A good SLOG can turn “random 8K sync write latency of 10–20ms” into “sub-millisecond to a few milliseconds,” which is the difference between “fine” and “why is the UI freezing.”

3) Databases that actually rely on fsync()

Some database workloads are dominated by durable commit latency. If the database is correctly configured to require durability (and you want that), you’re in sync land.
A fast, safe SLOG can reduce commit latency variance—variance is what causes tail latency spikes and user-visible stalls.

4) You have a slow main pool that you can’t rebuild yet

Sometimes you inherit a pool that’s “RAIDZ2 on nearline HDDs” because someone optimized for cost per terabyte and forgot that latency is also a cost.
An NVMe SLOG can be a tactical bandage: it reduces the pain for sync-heavy consumers while you plan the real fix (more vdevs, mirrors, special vdevs, or a different architecture).

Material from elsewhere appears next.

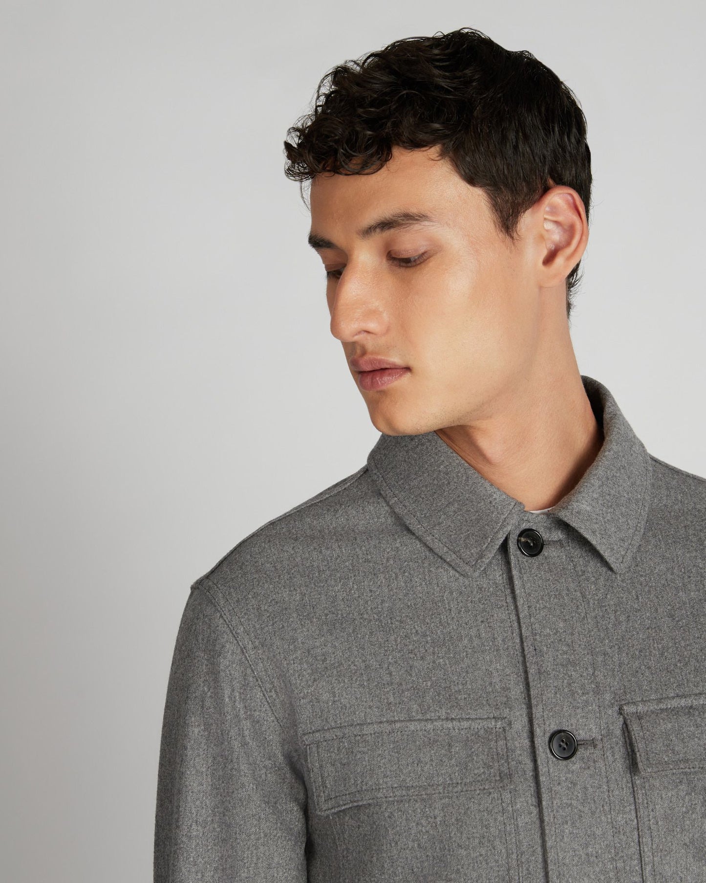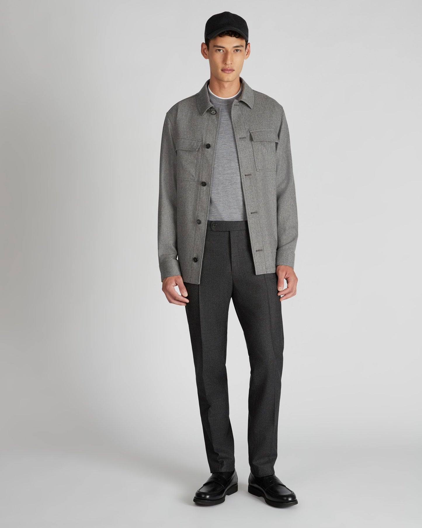 The quality of the materials and the refinement of exclusive models. In short, it is the expression of contemporary tailoring, bringing fresh rhythm to the wardrobe. Soft, warm wool meets the silkiness and lightness of cashmere to create a sophisticated yet functional winter garment. The fabric has been produced using a certified process, minimising harmful chemicals at all stages of production. The blouse, an elegant sartorial upgrade of casual outerwear, pairs perfectly with the trousers crafted from the same fabric, resulting in an outfit of outstanding style and sophistication.

5) You need predictable durability under load

The best SLOG devices aren’t just fast; they’re consistent. Sync write performance is about tail latency as much as it is about average latency.
Commodity SSDs can look great until they hit an internal garbage collection or a write cliff, and then your “durable write” suddenly takes 50ms. Users notice.

When SLOG is overkill

1) Your workload is mostly async writes

File copies, media ingest, backups that stream sequentially, object storage writes that batch, analytics pipelines that buffer—these typically don’t block on sync commits.
ZFS will soak a lot of that into ARC and flush on TXG boundaries. A SLOG won’t enter the room.

2) You’re actually read-bound or metadata-bound

The classic misdiagnosis: “storage is slow” when the bottleneck is cache misses, too few vdevs, or metadata scattered across HDDs.
You might need more mirrors, a special vdev for metadata/small blocks, more RAM for ARC, or better recordsize tuning. None of those are a SLOG.

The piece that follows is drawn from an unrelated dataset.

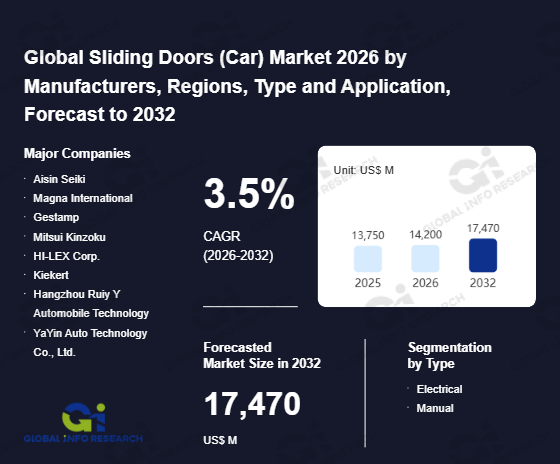Global Info Research has recently published "Global Sliding Doors (Car) Market 2026 by Manufacturers, Regions, Type and Application, Forecast to 2032". This report systematically analyzes the current status, future trends (2021-2032), and competitive landscape of the global Sliding Doors (Car) market. It provides a quantitative analysis from the perspectives of type (Electrical、 Manual), application (Passenger Cars、 Commercial Vehicles), regional markets, and major manufacturers (Aisin Seiki、 Magna International、 Gestamp、 Mitsui Kinzoku、 HI-LEX Corp.、 Kiekert、 Hangzhou Ruiy Y Automobile Technology、 YaYin Auto Technology Co., Ltd.、 Shenzhen Xingjialin Electronic Technology), comprehensively assessing market opportunities and competitive dynamics.

3) You can (and should) fix the sync requirement instead

Sometimes the correct move is policy, not hardware: do you really need sync on that dataset? Are you exporting NFS with sync because “that’s what we always do,” while the data is non-critical and already replicated?
If you can tolerate a small window of loss on crash, setting sync=disabled on the right dataset gives you a larger speedup than any SLOG. It also increases risk. Don’t do it casually.

4) You don’t have power-loss protection, so you’re “fast but lying”

A SLOG’s entire job is to make sync writes safe. If your device lies about flushes, or loses data on power loss, you can end up acknowledging durable writes that never made it. That’s not a performance bug. That’s corruption with a good marketing budget.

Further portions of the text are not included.